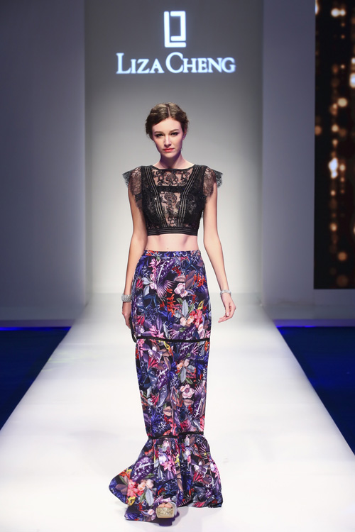 奢华的蓝印花与色泽鲜明的彩叶花,跃然于华服之上,模特从朦胧的光影深处走来,一颦一笑一转身,尽是优雅魅影。
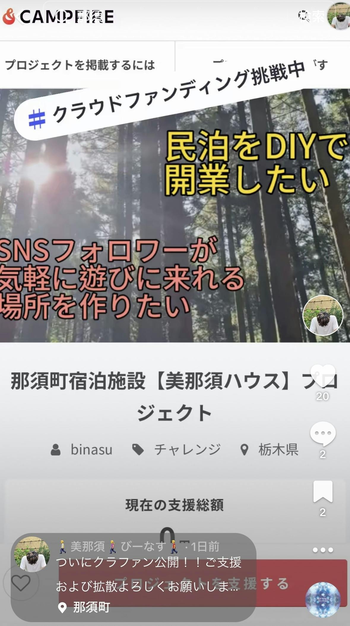 私が実現したいのは、SNSのフォロワーさん向けに那須町で特別な宿泊施設を作ることです。支援頂いた資金を元に格安物件をDIYで作り上げていく様子をTikTokライブをメインに発信していきたいです。完成した施設では、フォロワーの皆さんが直接那須の自然や文化を体験し、リラックスしながら交流できる場所を提供します。宿泊施設を通じて、より深いコミュニティを形成し、地元の魅力を広く伝えることが目標です。
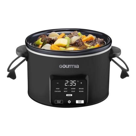 Gourmia Programmable Slow Cooker 4.5 Qt with Digital Controls and Auto Keep Warm, Black
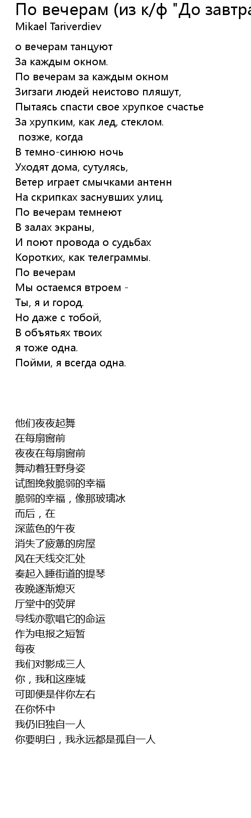 | 歌曲 | По вечерам (из к/ф "До завтра") |

■ ■ ■

Once the pictures are set aside, give the rest of the material again unchanged.

 奢华的蓝印花与色泽鲜明的彩叶花,跃然于华服之上,模特从朦胧的光影深处走来,一颦一笑一转身,尽是优雅魅影。
 私が実現したいのは、SNSのフォロワーさん向けに那須町で特別な宿泊施設を作ることです。支援頂いた資金を元に格安物件をDIYで作り上げていく様子をTikTokライブをメインに発信していきたいです。完成した施設では、フォロワーの皆さんが直接那須の自然や文化を体験し、リラックスしながら交流できる場所を提供します。宿泊施設を通じて、より深いコミュニティを形成し、地元の魅力を広く伝えることが目標です。
 Gourmia Programmable Slow Cooker 4.5 Qt with Digital Controls and Auto Keep Warm, Black
 | 歌曲 | По вечерам (из к/ф "До завтра") |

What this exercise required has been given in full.